Does China innovate? Next year, we will finally stop asking that question and focus on the global impact of the innovation that is clearly taking place. The number of Silicon Valley–based investors visiting China to learn from Internet-enabled business is now remarkable. These folks don’t waste their time on sight-seeing trips.

Beyond the Internet, hundreds of midsize companies in the Chinese industrial sector are creating their own version of the German Mittelstand, providing ever-more-serious competition to Fortune 1000 competitors. No longer focused simply on cheap, they deliver great value, listen to what customers want, and develop products in response. Only this month, on a visit to India, I noticed a tipping point. No longer were there complaints about the low quality of Chinese industrial goods; instead, there were compliments about their remarkably high quality. Biotech, pharmaceutical, consumer electronics, medical tech, drones, graphene, and telecommunications equipment are just some of the sectors where aggressive Chinese midsize companies lead the way in their field, often privately owned by a founding chairman or CEO who has a true passion to become a global leader.

Rule of law increases its impact in 2015

A comment you’ll hear less in 2015: I can do this—it’s China. Businesses will more fully recognize that anticorruption initiatives and rule of law with Chinese characteristics are long-term foundational elements of this leadership’s platform—they’re not optional, and they’re not going away. Companies will need to become clear about how recent statements—such as President Xi declaring that the objective of advancing the rule of law is conducive not only to updating state governance but also to deepening reform—apply to them.(1)

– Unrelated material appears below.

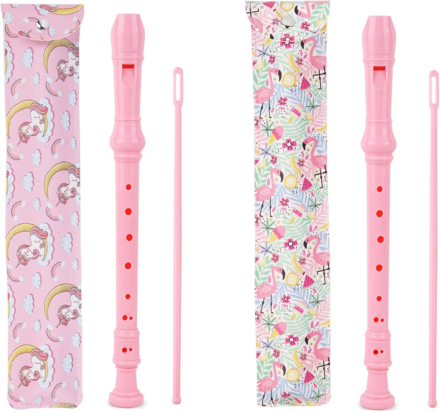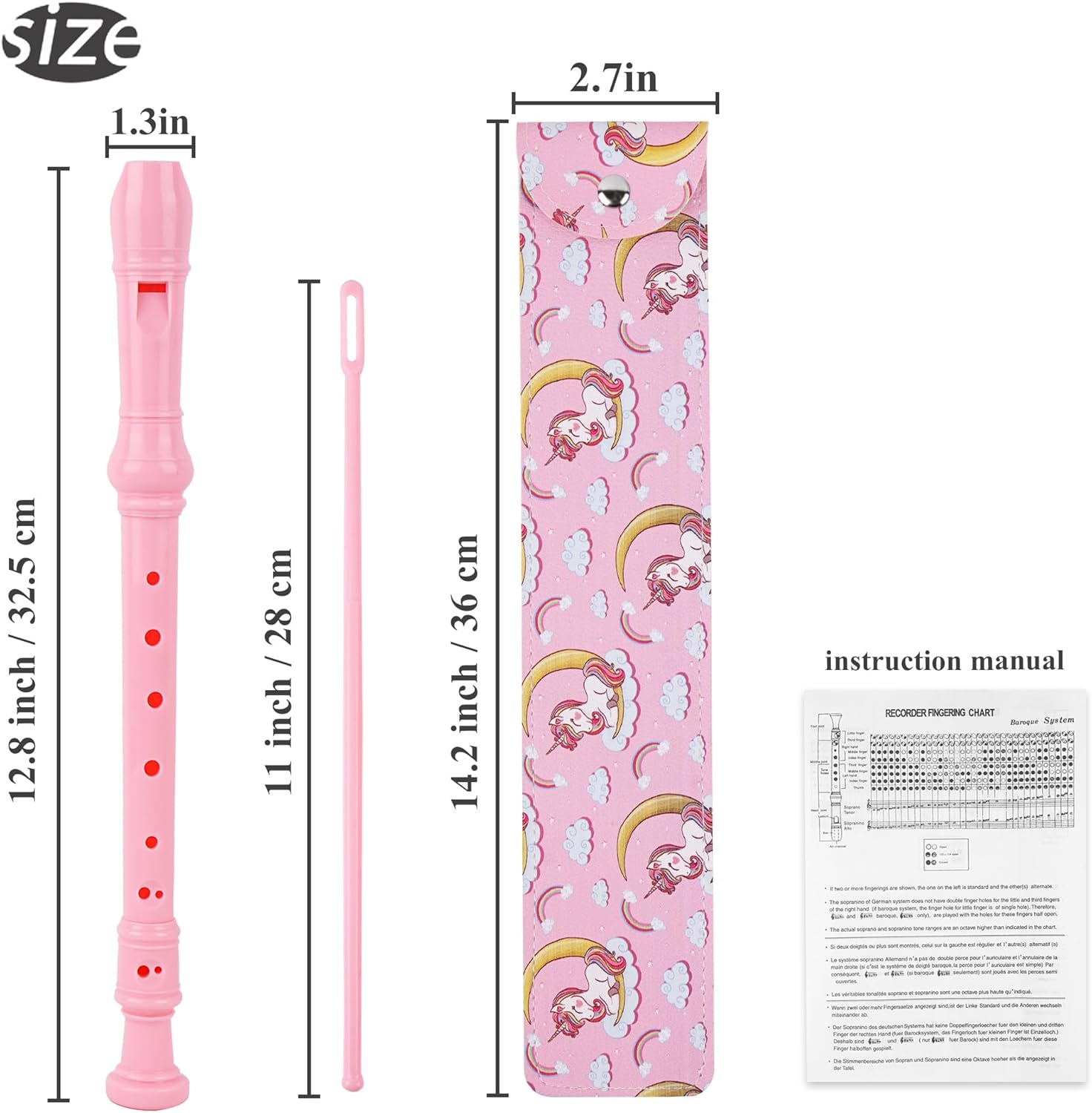 Recorder Instrument for Beginner Kids Adults,8-Hole Soprano Descant Recorder Music Flute with with Cleaning Rod & Leather Case For School Student Home Entertainment(4-Pink Unicorn Flamingo)

We will see the government standardize more of its approaches to decision making on business and regulatory issues, using the precedent of cases heard. For example, reviews of acquisitions should be faster, with clearer conclusions. We will also see the government leveraging technology more to monitor, audit, and impose sanctions on bad behavior, from tax avoidance to overly aggressive entertainment of government officials. Where could anticorruption investigations bite in 2015?

in an Internet company where a senior executive gets investigated for begging forgiveness, rather than asking permission, once too often
in local government, where rapid asset sales made it possible for some sales to be made to favored individuals at below-market prices
in companies that have yet to fully get their sales forces under control
Return of the DVD store

Shops offering pirated DVDs will make a comeback in 2015 as the rule of law extends to what can and cannot be shown online, pushing very popular international series off the Internet. US series including The Big Bang Theory and The Good Wife have already been blocked, and rules announced in September by the State Administration of Press, Publication, Radio, Film and Television require unapproved shows to be removed from websites by the new year. Perhaps only in China will the selection of available online content be more tightly controlled than the availability of physical content. Or maybe the international providers of virtual private networks will learn to accept payment from UnionPay cards, and demand for their services will skyrocket. Cinemas will likely also benefit, as good-quality online sources for newly released movies have almost entirely disappeared.


A footnote: be careful with national-level statistics from China in 2015. In times of slower growth, they are historically less reliable.